» Your assignment
All of the listing below must be repeated word for word. Pictures are the only thing to omit.

» The data
== Segment start ==
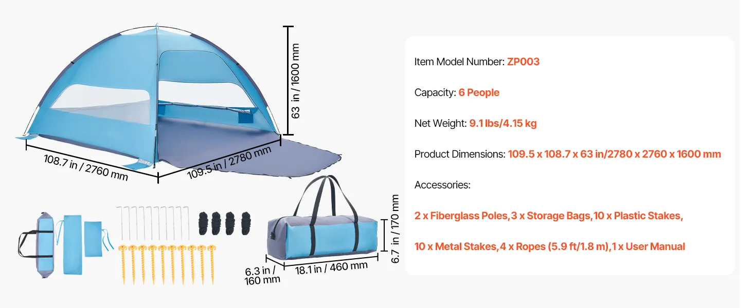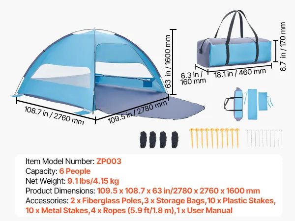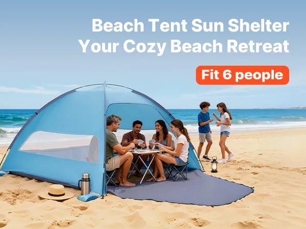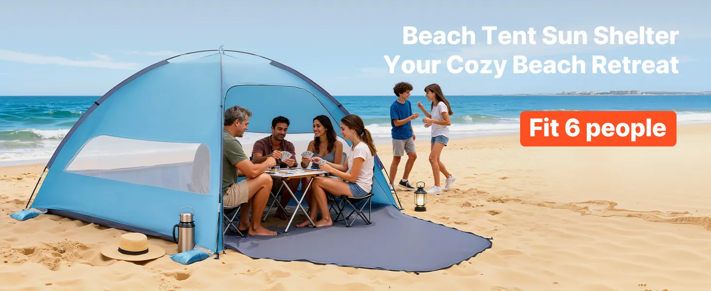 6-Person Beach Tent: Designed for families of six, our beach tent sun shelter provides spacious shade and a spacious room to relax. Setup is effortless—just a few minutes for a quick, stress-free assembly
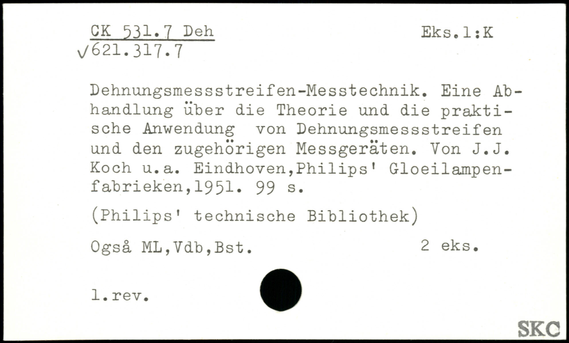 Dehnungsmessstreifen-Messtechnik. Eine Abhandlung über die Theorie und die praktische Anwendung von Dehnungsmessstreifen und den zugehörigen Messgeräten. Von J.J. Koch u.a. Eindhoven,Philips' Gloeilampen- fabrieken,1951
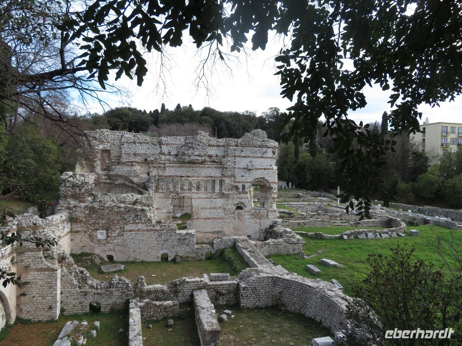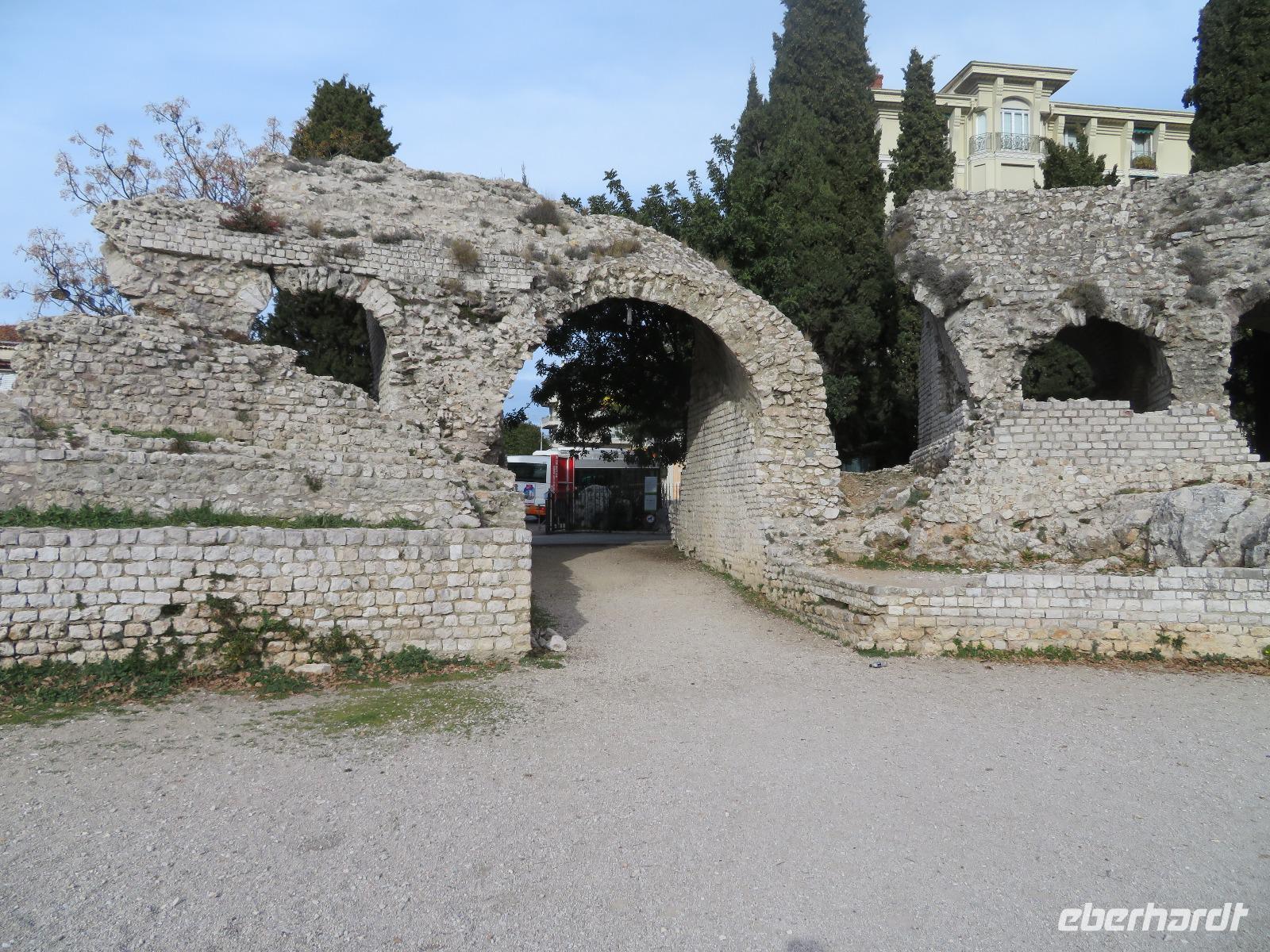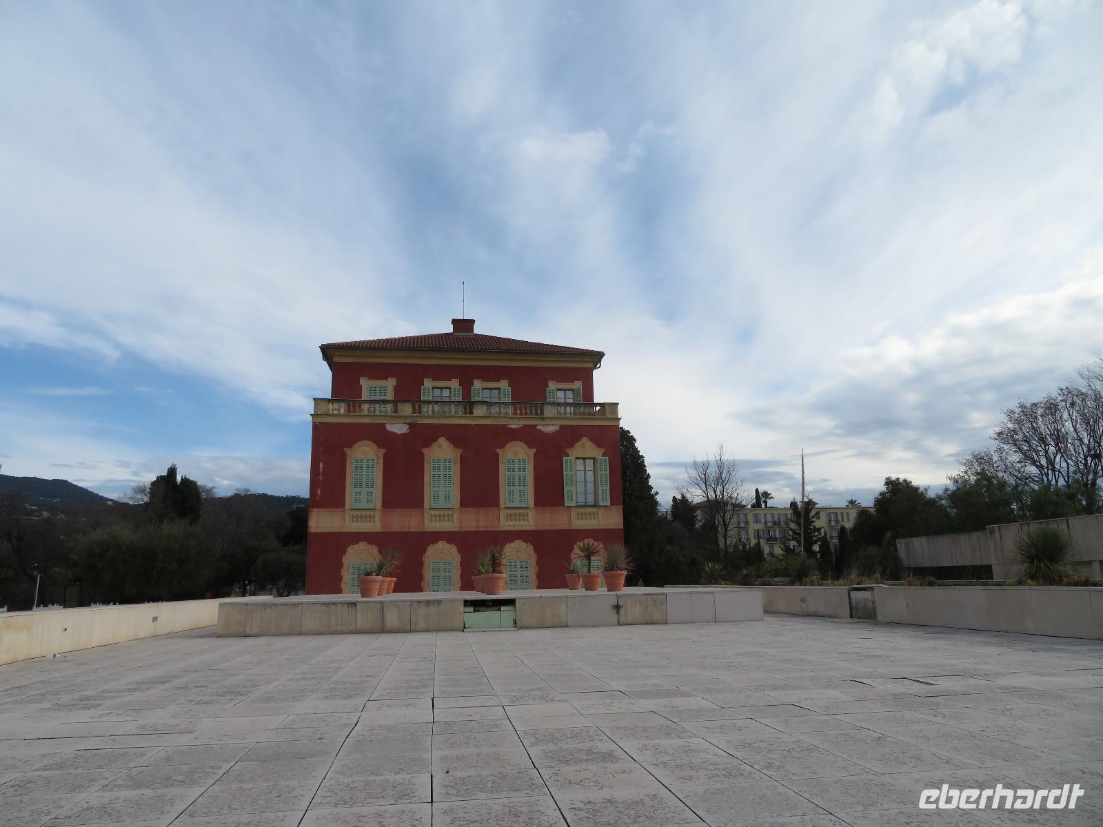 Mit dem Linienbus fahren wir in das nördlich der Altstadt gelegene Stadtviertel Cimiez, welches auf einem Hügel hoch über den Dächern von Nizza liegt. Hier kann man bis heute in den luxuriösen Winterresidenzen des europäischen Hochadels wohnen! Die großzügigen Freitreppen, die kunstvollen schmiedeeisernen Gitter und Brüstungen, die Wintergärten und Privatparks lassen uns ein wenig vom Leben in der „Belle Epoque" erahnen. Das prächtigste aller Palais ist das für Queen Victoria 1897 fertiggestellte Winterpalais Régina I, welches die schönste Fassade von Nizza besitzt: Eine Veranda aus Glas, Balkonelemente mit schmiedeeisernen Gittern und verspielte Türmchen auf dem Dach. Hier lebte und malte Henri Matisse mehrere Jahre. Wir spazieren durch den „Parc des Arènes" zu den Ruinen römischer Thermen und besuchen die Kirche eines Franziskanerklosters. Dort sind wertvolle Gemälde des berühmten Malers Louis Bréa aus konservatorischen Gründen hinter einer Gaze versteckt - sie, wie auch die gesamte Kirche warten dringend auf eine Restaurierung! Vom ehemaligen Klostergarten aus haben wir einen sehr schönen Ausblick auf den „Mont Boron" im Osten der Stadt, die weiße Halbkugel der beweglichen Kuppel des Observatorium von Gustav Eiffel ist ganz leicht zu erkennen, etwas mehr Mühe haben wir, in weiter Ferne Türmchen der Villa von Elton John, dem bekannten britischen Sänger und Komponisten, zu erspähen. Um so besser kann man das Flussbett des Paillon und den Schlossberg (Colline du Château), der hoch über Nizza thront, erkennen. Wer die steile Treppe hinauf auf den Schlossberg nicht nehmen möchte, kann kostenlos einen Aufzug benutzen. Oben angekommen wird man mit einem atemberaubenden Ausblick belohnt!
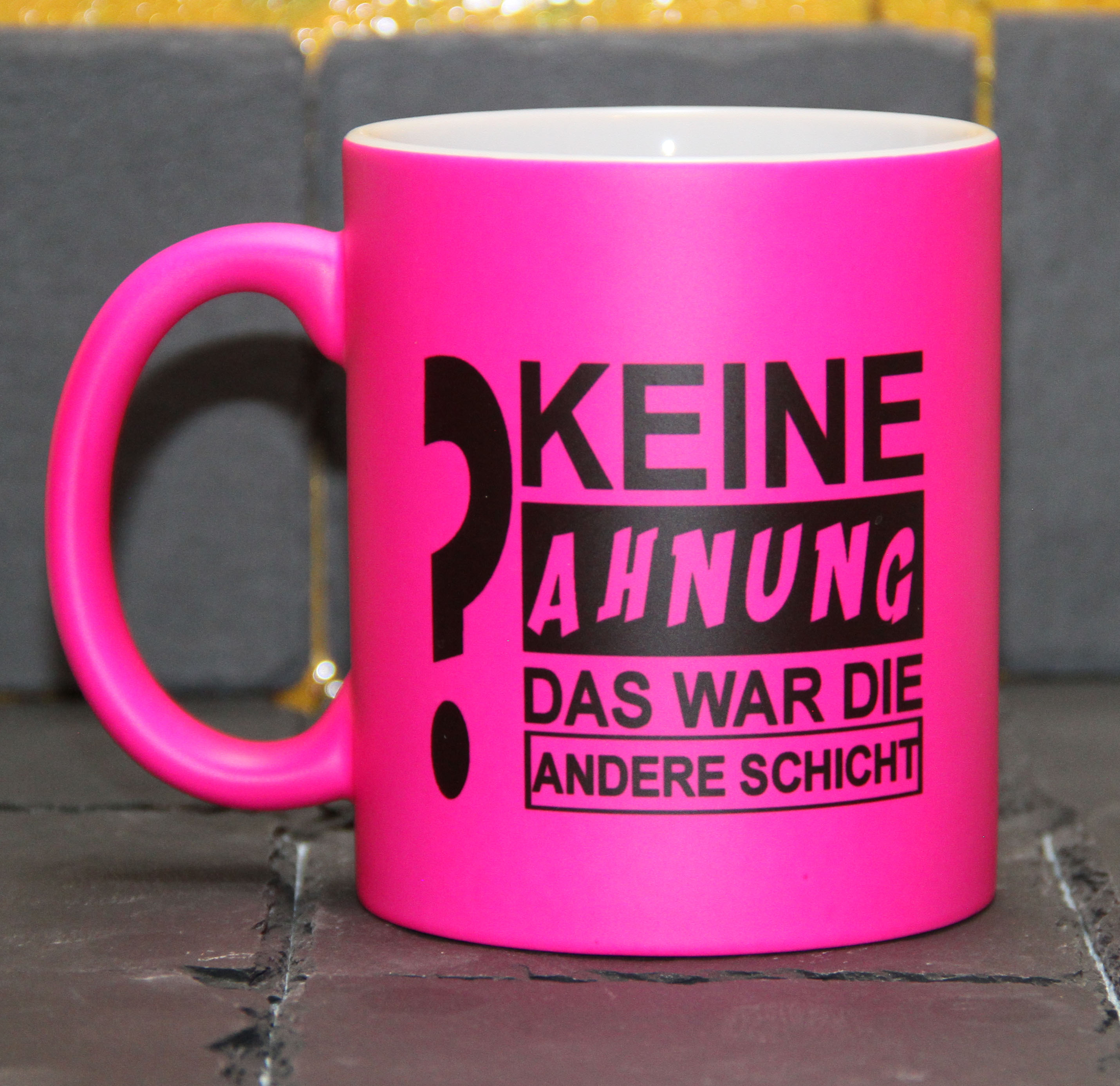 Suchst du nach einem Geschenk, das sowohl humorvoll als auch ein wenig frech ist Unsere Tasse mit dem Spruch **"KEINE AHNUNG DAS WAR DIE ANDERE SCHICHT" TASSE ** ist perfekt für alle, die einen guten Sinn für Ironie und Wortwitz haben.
== Segment end ==
» Task response
 6-Person Beach Tent: Designed for families of six, our beach tent sun shelter provides spacious shade and a spacious room to relax. Setup is effortless—just a few minutes for a quick, stress-free assembly
 Dehnungsmessstreifen-Messtechnik. Eine Abhandlung über die Theorie und die praktische Anwendung von Dehnungsmessstreifen und den zugehörigen Messgeräten. Von J.J. Koch u.a. Eindhoven,Philips' Gloeilampen- fabrieken,1951
 Mit dem Linienbus fahren wir in das nördlich der Altstadt gelegene Stadtviertel Cimiez, welches auf einem Hügel hoch über den Dächern von Nizza liegt. Hier kann man bis heute in den luxuriösen Winterresidenzen des europäischen Hochadels wohnen! Die großzügigen Freitreppen, die kunstvollen schmiedeeisernen Gitter und Brüstungen, die Wintergärten und Privatparks lassen uns ein wenig vom Leben in der „Belle Epoque" erahnen. Das prächtigste aller Palais ist das für Queen Victoria 1897 fertiggestellte Winterpalais Régina I, welches die schönste Fassade von Nizza besitzt: Eine Veranda aus Glas, Balkonelemente mit schmiedeeisernen Gittern und verspielte Türmchen auf dem Dach. Hier lebte und malte Henri Matisse mehrere Jahre. Wir spazieren durch den „Parc des Arènes" zu den Ruinen römischer Thermen und besuchen die Kirche eines Franziskanerklosters. Dort sind wertvolle Gemälde des berühmten Malers Louis Bréa aus konservatorischen Gründen hinter einer Gaze versteckt - sie, wie auch die gesamte Kirche warten dringend auf eine Restaurierung! Vom ehemaligen Klostergarten aus haben wir einen sehr schönen Ausblick auf den „Mont Boron" im Osten der Stadt, die weiße Halbkugel der beweglichen Kuppel des Observatorium von Gustav Eiffel ist ganz leicht zu erkennen, etwas mehr Mühe haben wir, in weiter Ferne Türmchen der Villa von Elton John, dem bekannten britischen Sänger und Komponisten, zu erspähen. Um so besser kann man das Flussbett des Paillon und den Schlossberg (Colline du Château), der hoch über Nizza thront, erkennen. Wer die steile Treppe hinauf auf den Schlossberg nicht nehmen möchte, kann kostenlos einen Aufzug benutzen. Oben angekommen wird man mit einem atemberaubenden Ausblick belohnt!
 Suchst du nach einem Geschenk, das sowohl humorvoll als auch ein wenig frech ist Unsere Tasse mit dem Spruch **"KEINE AHNUNG DAS WAR DIE ANDERE SCHICHT" TASSE ** ist perfekt für alle, die einen guten Sinn für Ironie und Wortwitz haben.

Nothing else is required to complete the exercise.